Preacinetobactin not acinetobactin is essential for iron uptake by the BauA transporter of the pathogen Acinetobacter baumannii
Abstract
New strategies are urgently required to develop antibiotics. The siderophore uptake system has attracted considerable attention but rational design of siderophore antibiotic conjugates requires knowledge of recognition by the cognate outer membrane transporter. Acinetobacter baumannii is a serious pathogen, which utilizes (pre)acinetobactin to scavenge iron from the host. We report the structure of the (pre)acinetobactin transporter BauA bound to the siderophore, identifying the structural determinants of recognition. Detailed biophysical analysis confirms that BauA recognises preacinetobactin. We show that acinetobactin is not recognised by the protein thus preacinetobactin is essential for iron uptake. The structure shows and NMR confirms that under physiological conditions a molecule of acinetobactin will bind to two free coordination sites on the iron preacinetobactin complex. The ability to recognise a heterotrimeric iron preacinetobactin acinetobactin complex may rationalize contradictory reports in the literature. These results open new avenues for the design of novel antibiotic conjugates (trojan horse) antibiotics.
Data availability
Diffraction data have been deposited in PDB under the accession codes 6H7F, 6H7V, 6HCP.

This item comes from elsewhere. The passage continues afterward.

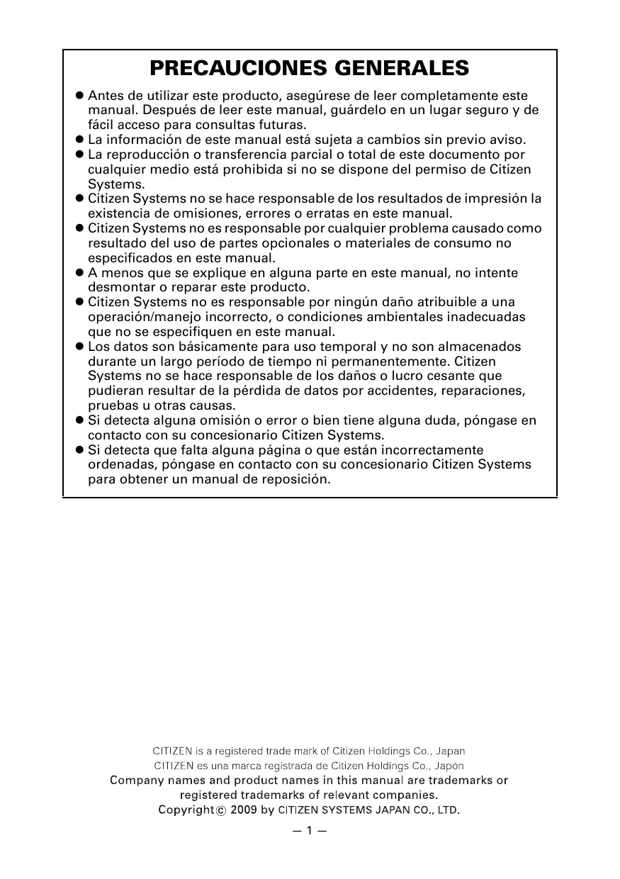 PRECAUCIONES GENERALES © Antes de utilizar este producto, asegürese de leer completamente este manual. Después de leer este manual, guärdelo en un lugar seguro y de fâcil acceso para consultas futuras. © La informaciôn de este manual estä sujeta a cambios sin previo aviso. © La reproducciôn o transferencia parcial o total de este documento por cualquier medio estä prohibida si no se dispone del permiso de Citizen Systems. Citizen Systems no se hace responsable de los resultados de impresiôn la existencia de omisiones, errores o erratas en este manual. e Citizen Systems no es responsable por cualquier problema causado como resultado del uso de partes opcionales o materiales de consumo no especificados en este manual. © À menos que se explique en alguna parte en este manual, no intente desmontar o reparar este producto. e Citizen Systems no es responsable por ningün daño atribuible a una operacién/manejo incorrecto, o condiciones ambientales inadecuadas que no se especifiquen en este manual. © Los datos son bâsicamente para uso temporal y no son almacenados durante un largo periodo de tiempo ni permanentemente. Citizen Systems no se hace responsable de los daños o lucro cesante que pudieran resultar de la pérdida de datos por accidentes, reparaciones, pruebas u otras causas. © Si detecta alguna omisiôn o error o bien tiene alguna duda, péngase en contacto con su concesionario Citizen Systems. e Si detecta que falta alguna pägina o que estän incorrectamente ordenadas, péngase en contacto con su concesionario Citizen Systems para obtener un manual de reposiciôn. CITIZEN is are ngs Co. J: CITIZEN es una marca registrada de Citizen Holdings Co., Japôn Company names and product names in this manual are trademarks or registered trademarks of relevant companies. Copyright© 2009 by CITIZEN SYSTEMS JAPAN CO. LTD.

Article and author information
Author details
Funding
European Union (115525)
- Lucile Moynie
- Ilaria Serra
- Mariano A Scorciapino
- Malcolm GP Page
- Matteo Ceccarelli
- James H Naismith
Wellcome (100209/Z/12/Z)
- Lucile Moynie
- James H Naismith
The funders had no role in study design, data collection and interpretation, or the decision to submit the work for publication.
Copyright
© 2018, Moynie et al.
This article is distributed under the terms of the Creative Commons Attribution License permitting unrestricted use and redistribution provided that the original author and source are credited.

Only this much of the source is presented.